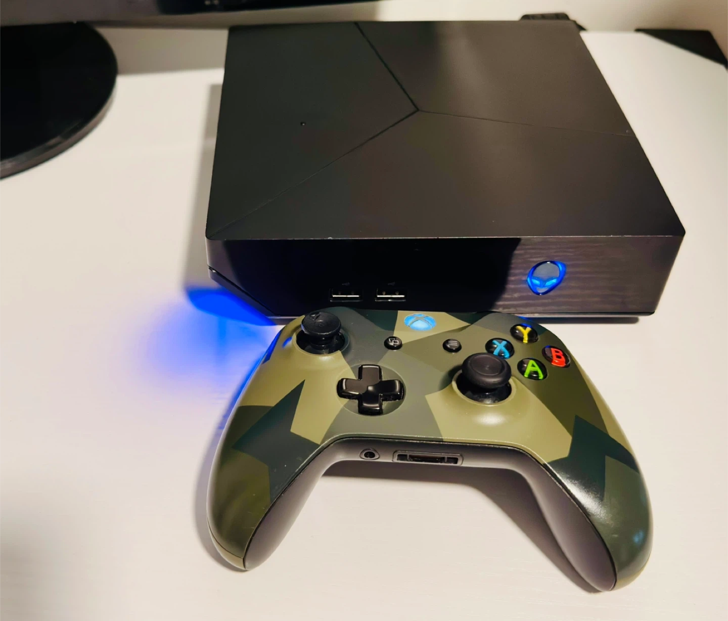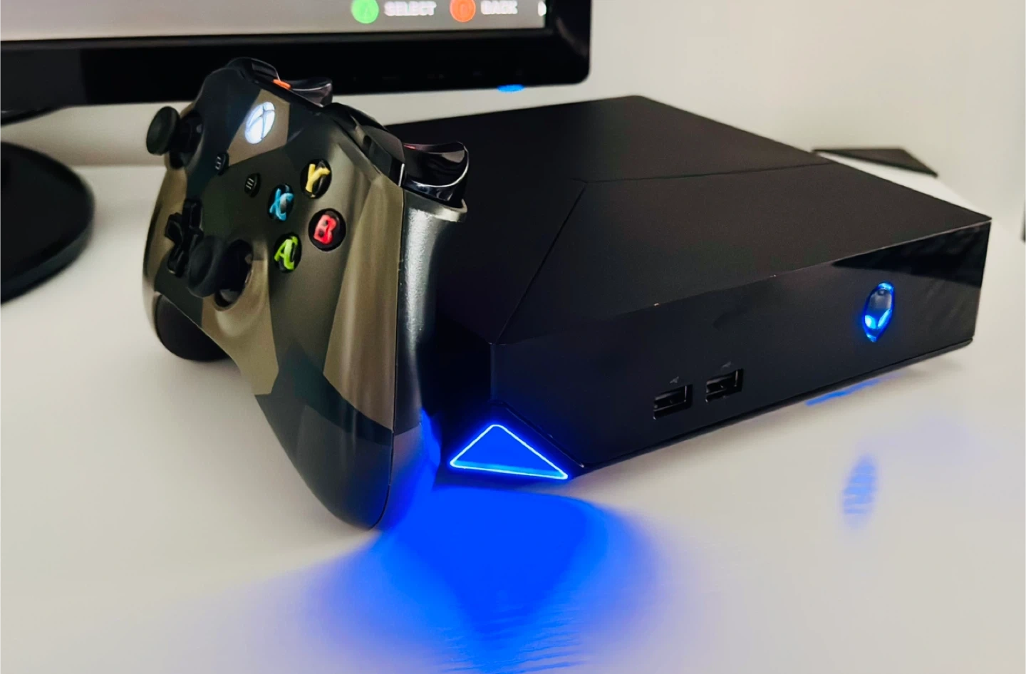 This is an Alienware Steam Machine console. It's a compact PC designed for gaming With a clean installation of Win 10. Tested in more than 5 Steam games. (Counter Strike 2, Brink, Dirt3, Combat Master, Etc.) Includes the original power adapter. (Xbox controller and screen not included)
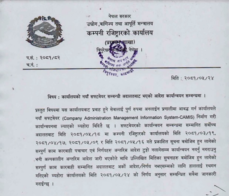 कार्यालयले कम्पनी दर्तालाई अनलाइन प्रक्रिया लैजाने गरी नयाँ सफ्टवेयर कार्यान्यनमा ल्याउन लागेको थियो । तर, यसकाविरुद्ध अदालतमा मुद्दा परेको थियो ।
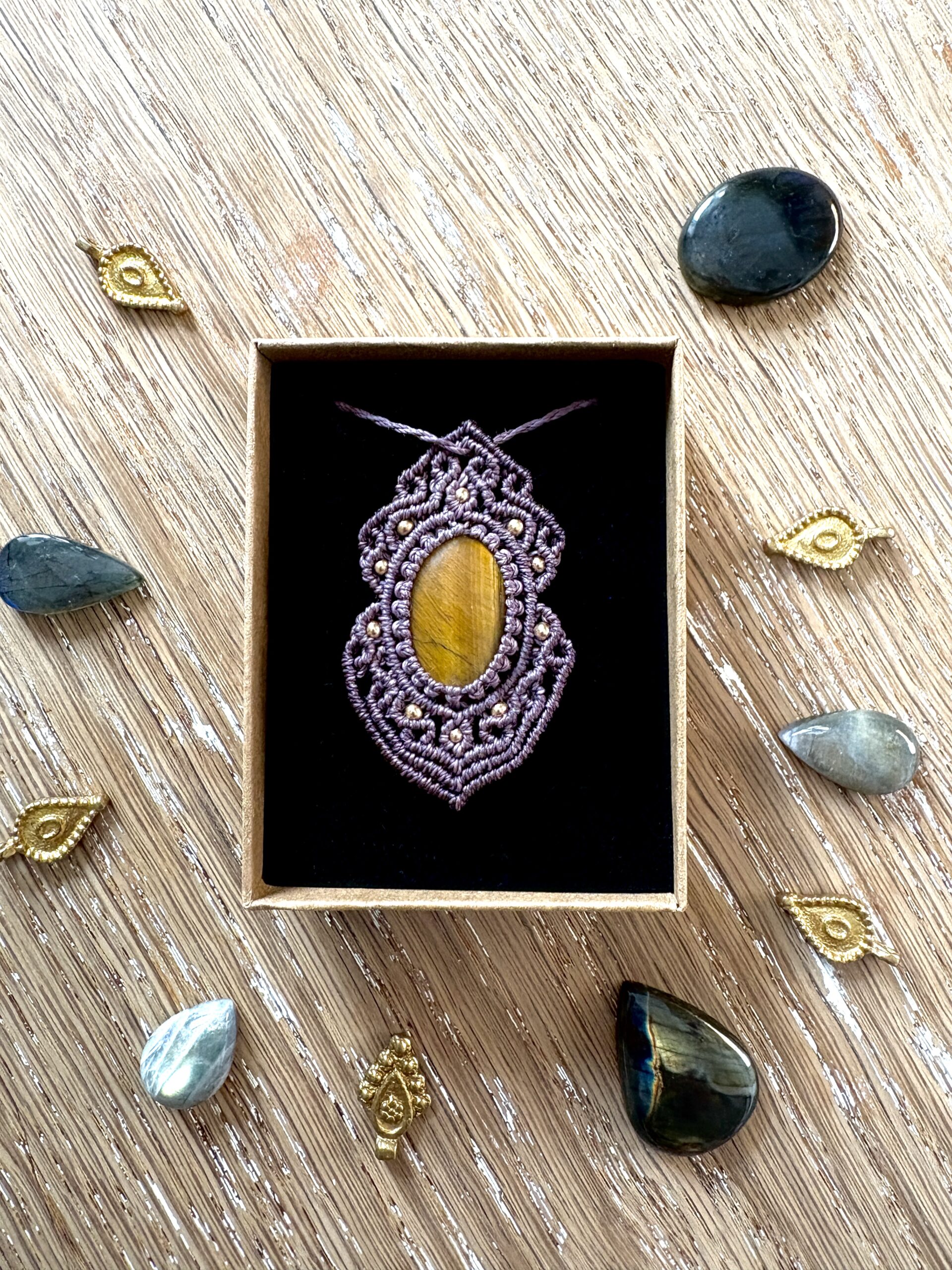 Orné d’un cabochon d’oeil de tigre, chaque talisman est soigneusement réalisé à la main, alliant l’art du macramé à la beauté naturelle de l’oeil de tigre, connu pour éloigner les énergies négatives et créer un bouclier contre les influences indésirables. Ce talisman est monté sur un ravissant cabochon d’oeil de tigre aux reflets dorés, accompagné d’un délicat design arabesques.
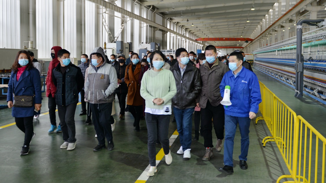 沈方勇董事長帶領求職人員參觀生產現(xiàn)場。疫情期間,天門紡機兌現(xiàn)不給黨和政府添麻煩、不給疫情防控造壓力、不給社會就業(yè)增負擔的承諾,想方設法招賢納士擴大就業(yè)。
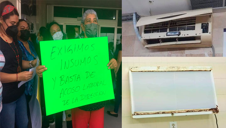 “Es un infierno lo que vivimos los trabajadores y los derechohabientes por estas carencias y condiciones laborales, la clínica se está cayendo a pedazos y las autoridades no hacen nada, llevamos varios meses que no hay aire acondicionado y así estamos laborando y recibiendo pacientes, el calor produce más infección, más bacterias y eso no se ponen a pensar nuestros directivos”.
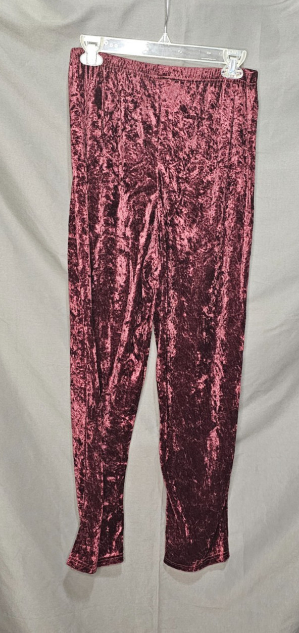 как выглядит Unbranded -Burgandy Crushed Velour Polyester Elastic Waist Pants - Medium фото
--------
Exercise details >>
What's needed is every record restated exactly, pictures excluded.

Your response >>
 This is an Alienware Steam Machine console. It's a compact PC designed for gaming With a clean installation of Win 10. Tested in more than 5 Steam games. (Counter Strike 2, Brink, Dirt3, Combat Master, Etc.) Includes the original power adapter. (Xbox controller and screen not included)
 कार्यालयले कम्पनी दर्तालाई अनलाइन प्रक्रिया लैजाने गरी नयाँ सफ्टवेयर कार्यान्यनमा ल्याउन लागेको थियो । तर, यसकाविरुद्ध अदालतमा मुद्दा परेको थियो ।
 Orné d’un cabochon d’oeil de tigre, chaque talisman est soigneusement réalisé à la main, alliant l’art du macramé à la beauté naturelle de l’oeil de tigre, connu pour éloigner les énergies négatives et créer un bouclier contre les influences indésirables. Ce talisman est monté sur un ravissant cabochon d’oeil de tigre aux reflets dorés, accompagné d’un délicat design arabesques.
 沈方勇董事長帶領求職人員參觀生產現(xiàn)場。疫情期間,天門紡機兌現(xiàn)不給黨和政府添麻煩、不給疫情防控造壓力、不給社會就業(yè)增負擔的承諾,想方設法招賢納士擴大就業(yè)。
 “Es un infierno lo que vivimos los trabajadores y los derechohabientes por estas carencias y condiciones laborales, la clínica se está cayendo a pedazos y las autoridades no hacen nada, llevamos varios meses que no hay aire acondicionado y así estamos laborando y recibiendo pacientes, el calor produce más infección, más bacterias y eso no se ponen a pensar nuestros directivos”.
 как выглядит Unbranded -Burgandy Crushed Velour Polyester Elastic Waist Pants - Medium фото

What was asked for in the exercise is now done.